Le Brexit est passé par là bien sûr. Cette expérience d’un choc suivi d’une remontée est encore fraîche.
Mais des raisons moins circonstancielles ont joué aussi.
Nombre d’investisseurs étaient déjà sous-investis et prêts à profiter d’une forte baisse des indices pour reprendre position.
Ensuite, les premiers propos de l’élu ont été jugés plutôt apaisants.
Certains ont voulu y voir une promesse que le futur président serait moins radical que le candidat.
Cela reste bien sûr à démontrer et des accès de volatilité sont à prévoir.
Reste que plusieurs éléments plaident pour l’attentisme.
Dans la démocratie américaine, un Congrès républicain monocolore ne signifie pas que le Président aura le champ libre.

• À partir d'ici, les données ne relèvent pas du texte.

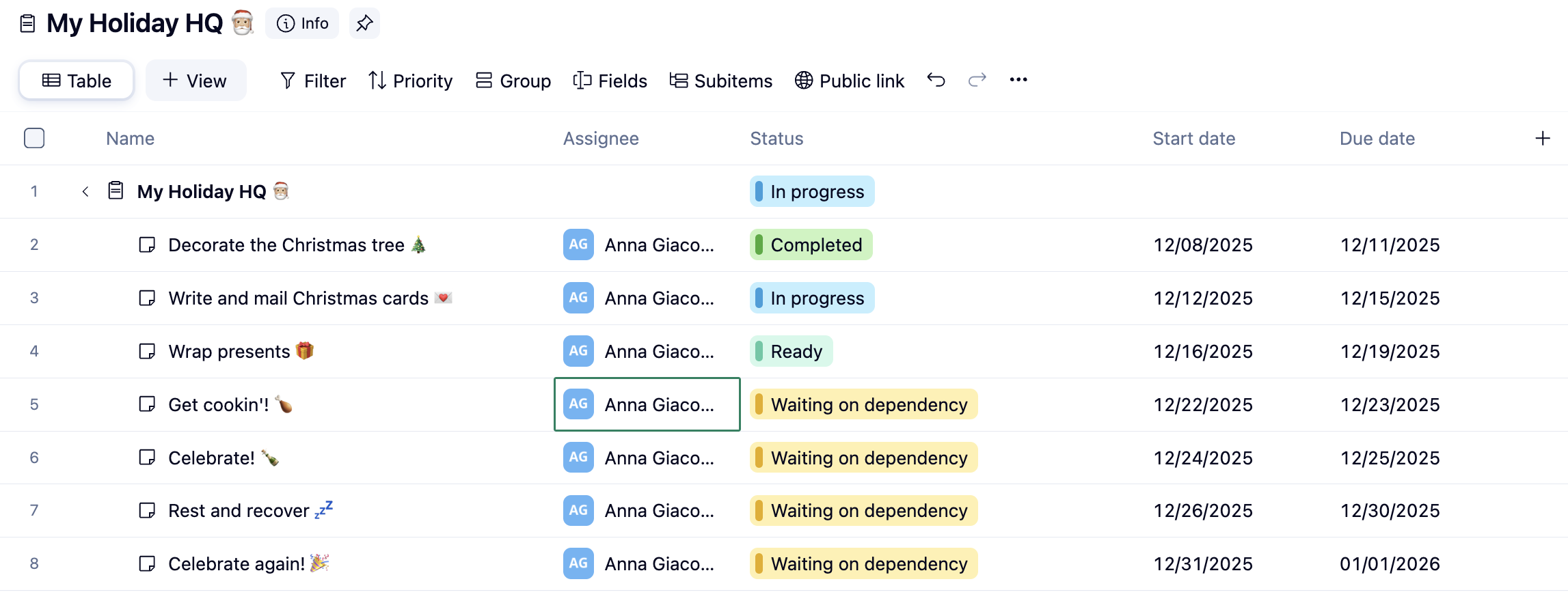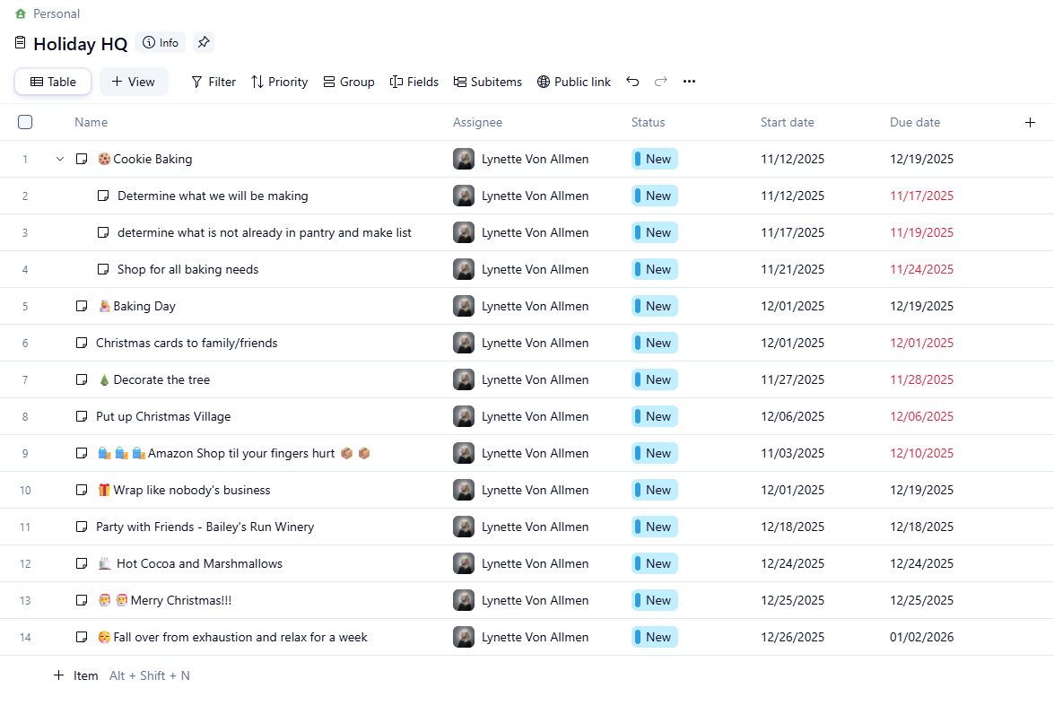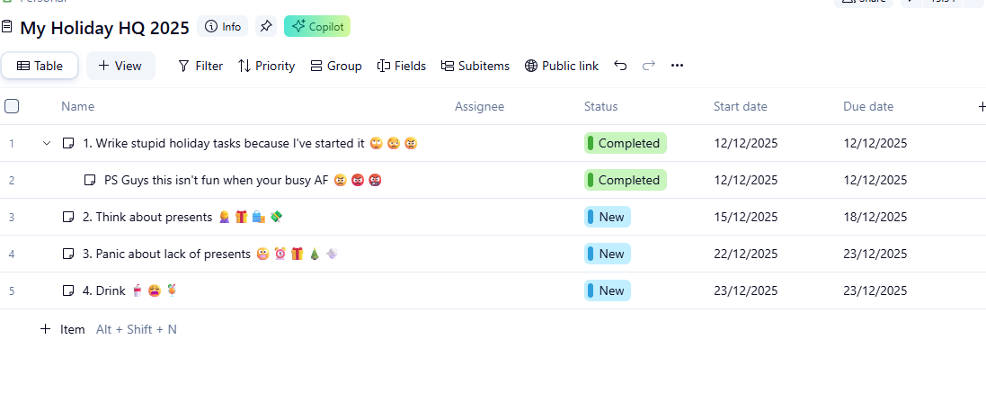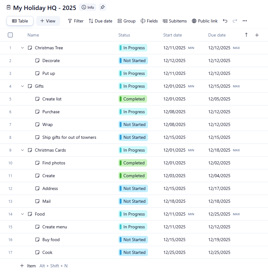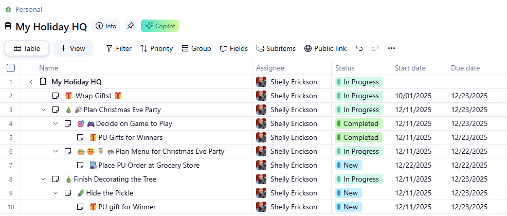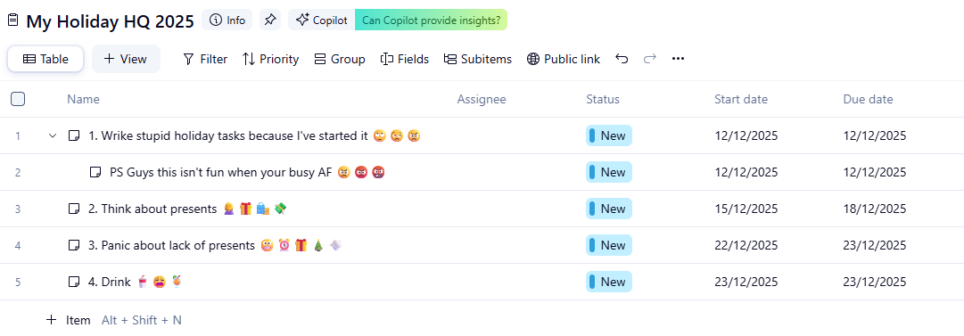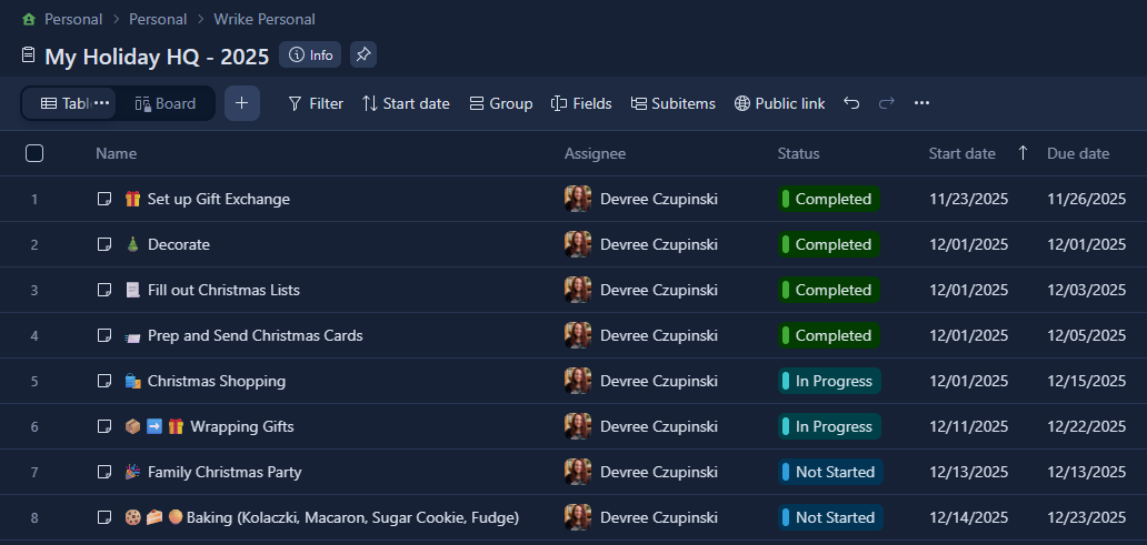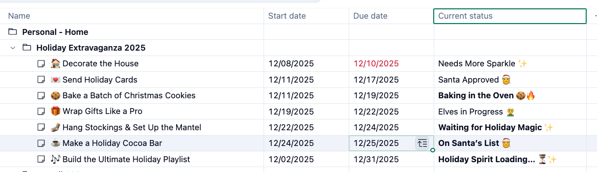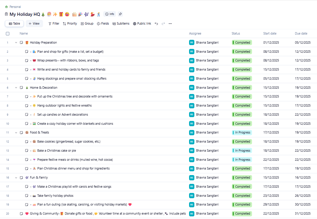 - Create a new Wrike project titled โMy Holiday HQ.โ

Des terrains d’entente devront être trouvés qui iront sans doute dans le sens de la modération.
Ce rapport de forces influencera l’action du futur président, et notamment l’ordre dans lequel il pourra engager son programme économique.
Dans le grand fouillis de ses mesures, certaines, comme les baisses d’impôts, peuvent être favorables au marché, d’autres, comme les renégociations commerciales, peuvent lui nuire.
Un dernier élément pourrait avoir joué dans la remontée des indices.
La Réserve fédérale pourrait juger que dans ce contexte pouvant affaiblir l’activité, la hausse des taux annoncée pour décembre devrait être différé.
Le président de la FED d’Atlanta, Dennis Lockhart, l’a notamment récemment laissé entendre. Certains investisseurs veulent croire que ce sera le cas.
Les anticipations du marché sur une hausse des taux en décembre ont en tout cas nettement baissé hier.